* * *
16 декабря.
Близится Рождество, Мадлен грустит все сильнее. Она из тех, кого холода вгоняют в спячку. Но только ли зима отнимает у нее силы, делает чувствительной сверх меры? Она то и дело плачет у нас на руках, точно ребенок, который боится темноты и прижался бы к кому угодно, хоть к палачу, лишь бы ощутить успокаивающее тепло другого тела.
«Мне так хотелось, чтобы меня любили! — рыдает Мадлен. — Мама любила только отца, а он любил только тебя, а я — я никого не любила. Я ненавидела тебя за красоту, — тведит она непрестанно, — и не потому, что сама была некрасива, а потому что ты только и делала, что гляделась на себя в оконные стекла».
Она права: красота помрачает разум. Но тогда отчего тех, кто красив, не учат пренебрегать ею?
И все-таки… все-таки я отдала бы полжизни, лишь бы вернуть себе красоту. Хотя, если вдуматься, сегодня я жажду этого куда меньше, чем прежде, несмотря на то, что мужчины чураются меня, бегут прочь. Ну да ведь они всегда бегут, всегда покидают нас, красивы мы или некрасивы.
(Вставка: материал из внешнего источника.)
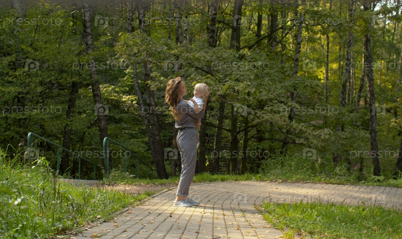 Мать держит на руках младенца. Мать и ее сын на прогулке в парке. Семья, День матери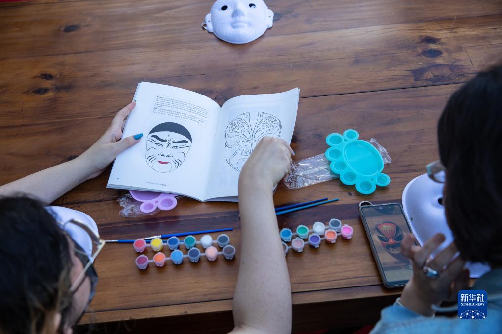 8月13日,在巴西首都巴西利亞舉辦的“中國一瞬”文化體驗周活動上,人們參加臉譜彩繪體驗活動。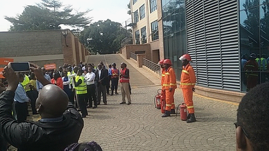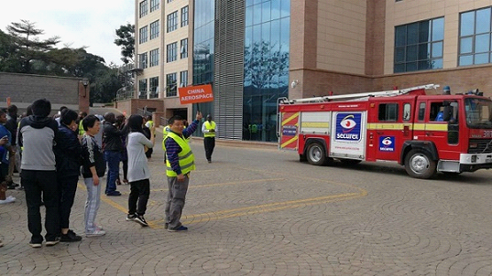 为此,肯尼亚公司积极与办公楼物业管理公司沟通,于6月11日上午10点进行了一场消防演练活动,现场统一指挥部署,有序疏散人群,活动持续半小时,过程紧张有序,效果理想。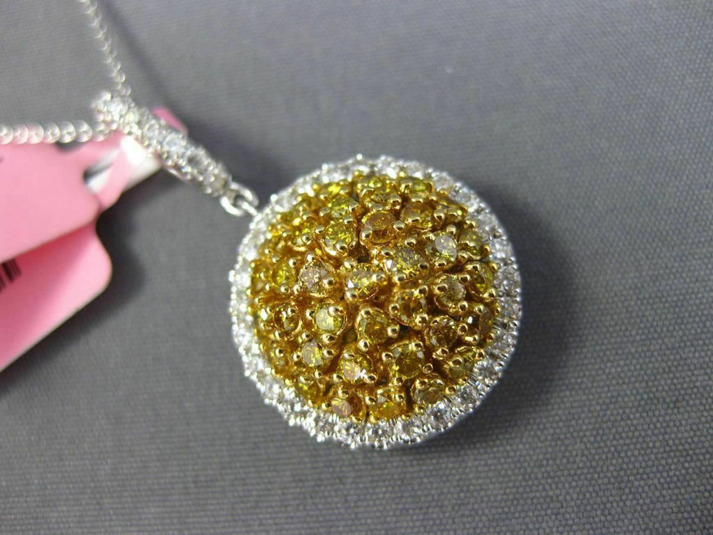 ESTATE LARGE 18KT WHITE AND¬€ YELLOW GOLD FLOATING PENDANT. 3D ROUND CLUSTER CLASSIC¬€ DESIGN. DIAMONDS ARE F/G COLOR, VSSI CLARITY .45 CARATS. FANCY YELLOW DIAMONDS ARE¬€ .82 CARATS. MEASURES 30mm X 17mm. COMES ON A 14KT GOLD DIAMOND CUT 16" INCH CHAIN. WRITTEN APPRAISAL AVAILABLE. COMES IN A PRESENTABLE GIFT BOX.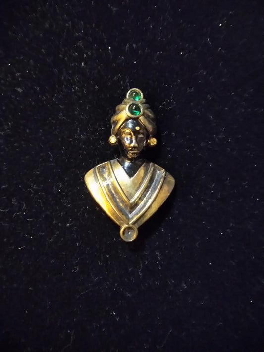 Sterling Silver and Gold Plated Brooch of Moor Wearing Tuban w/ Green Stones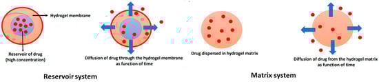 The drug concentration is highest close to the surface of the hydrogel matrix and decreases with the depth of the gel. When the liquid in the bulk is stirred, the value of drug concentration is constant. Exterior diffusion controls the rate of drug release only in exceptional cases. The rate of drug release depends on interior phenomena or interior diffusion. The interior diffusion is based on Fick’s law of diffusion, and two types of systems are recognized, such as the reservoir system and the matrix or monolithic system, as shown in Figure 7.

Однажды ночью Хендрикье простонала во сне: «Джоу, Джоу, где ты?» Иногда к нам приходит ее дочь, она жмется к матери; она, как и Мадлен, на сносях, но ее беременность проходит много легче; положив руку на живот, она вслушивается в себя, и глаза ее вспыхивают счастьем. На нее часто нападает внезапная сонливость: вдруг смыкаются веки и она задремывает на несколько минут, так доверчиво прильнув к надежному материнскому плечу, что мы невольно улыбаемся и замолкаем, боясь потревожить этот короткий детский сон. Аннеке всего семнадцать лет, ее муж тоже ушел в море…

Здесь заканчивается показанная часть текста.